Среди советских детских фильмов-сказок есть немалое число жемчужин идейно-эстетического дендизма.
Началось всё с таких фильмов, как «Каин XVIII» Надежды Кошеверовой (1963) и «Обыкновенное чудо» Эраста Гарина и Хеси Локшиной (1964). Это были всегда чем-то сходные сказки, составленные из условного пространства (даже не заграничного, а просто из другого измерения), вычурных и одновременно подчёркнуто условных декораций и героини-принцессы решительно непролетарского поведения.

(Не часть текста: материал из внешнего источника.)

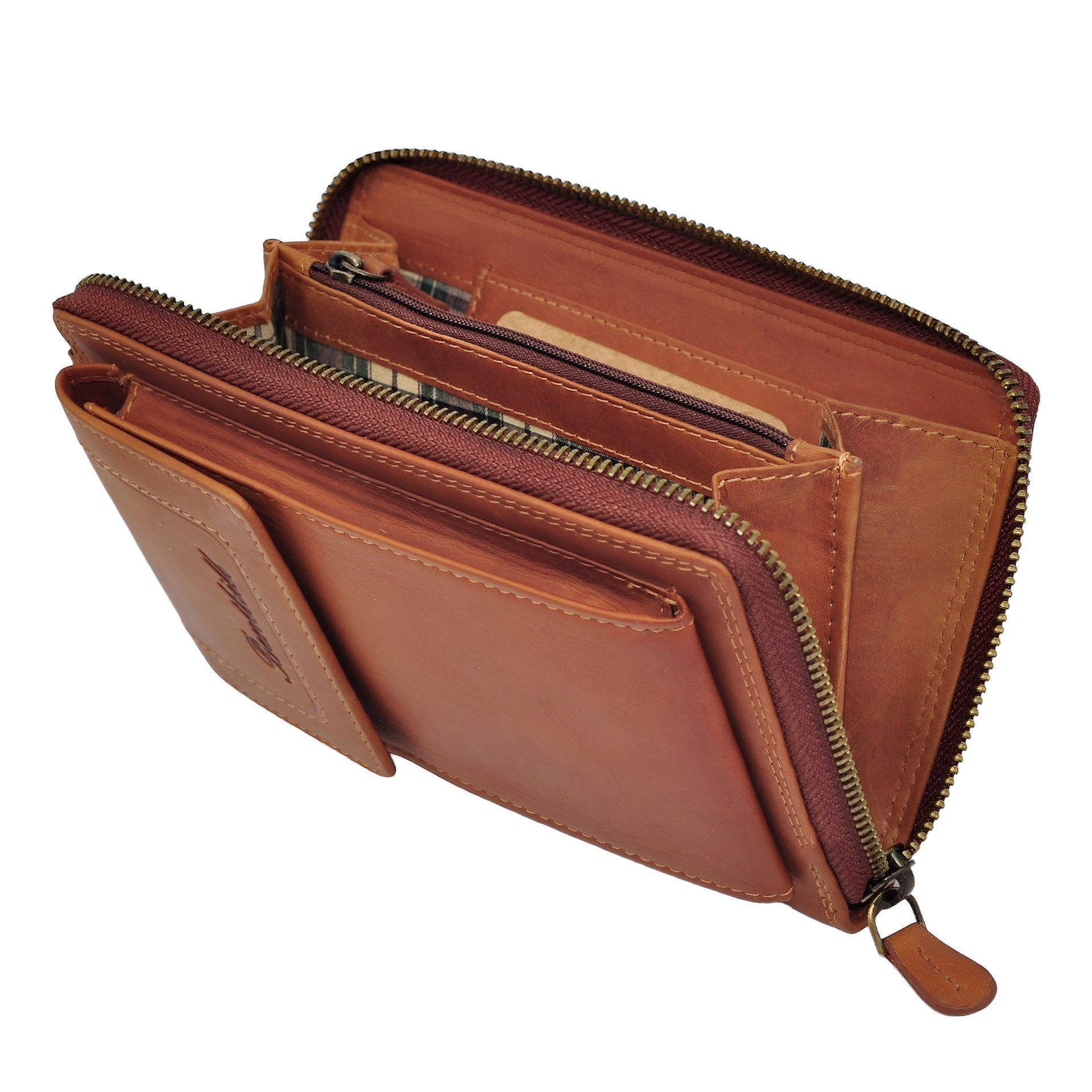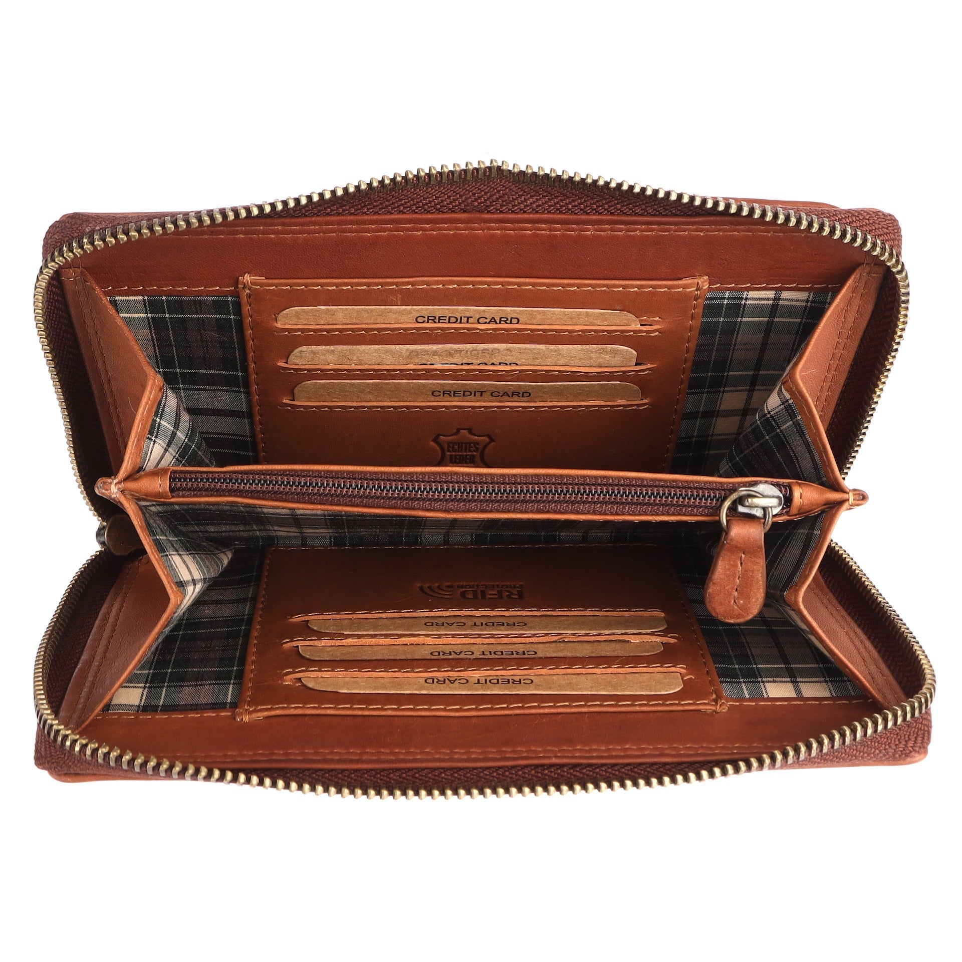 Benthill Damen Handy Umhängetasche Leder - RFID Portemonnaie aus echtem Rindsleder - Frauen Vintage Leder Geldbörse - Handtasche - Schultertasche

Посредством лукавых детских сказочек славная когорта кино-жрецов открытого упадничества и эстетического разврата возвела в культ мелкобуржуазные фенечки и завитушечки, которыми отныне любовно декорировали свои фильмы все Творцы, задавшиеся целью раздразнить вкус зрителей и вновь эстетизировать подробности богемного быта.
Немалою любовью и вниманием моей мамы пользовался «Король-олень» Павла Арсенова (1969), особенно после того, как звезда фильма Валентина Малявина порезала себе вены из-за актёра Александра Кайдановского.
Лично я с раннего детства чрезвычайно высоко ставила «Царевича Прошу» Надежды Кошеверовой (1974), поскольку втайне одобряла целеустремлённость тамошнего злодея.
Но был фильм, сюжету которого я долгое время не придавала значения, настолько меня очаровывала визуальная составляющая, когда на экране соединялись нежность акварели с броским минимализмом хай-тека.









«Волшебная лампа Аладдина» Бориса Рыцарева (1966) не то чтобы отстоит чуть в стороне от дендистского направления, к которому принадлежит как одно из главнейших украшений. Просто этот фильм немножко “над” игривой фантазией художников, желавших парить духом средь сфер, но всё-таки начинавших свой полёт со стартовых площадок современности - откуда-то с мраморных станций метрополитена или из отблесков заиндевевших витрин новогодних столичных универмагов, отчего в их условных мирах угадывался фон традиционной мечты о празднике и красоте.
Рыцарев, наоборот, снял фильм-праздник о мечтах, которые на самом деле никогда не сбываются. Только за пределами детства я поняла, что в любимом фильме замаскирован под волшебную сказку рассказ об иллюзорной свободе поступка, возможной только во сне/фантазии, а никак не в реальности.





Но как же тогда могли сбыться мечты героев фильма? На эффект зрительского согласия работают не волшебный реквизит и экзотические декорации, а пустое/свободное пространство, чётко разбитое на планы. За пределами экрана всё время есть этот резерв свободы, благодаря чему ненавязчиво делегируются в кадр то полупрозрачные от скромности астрологические символы, то ни на что не претендующие иссохшие ветки. Деревце прорастает сквозь стену, а изысканной и отвлекающей внимание зрителя вещи может и вообще не быть, как в руках у музицирующего Аладдина нет музыкального инструмента.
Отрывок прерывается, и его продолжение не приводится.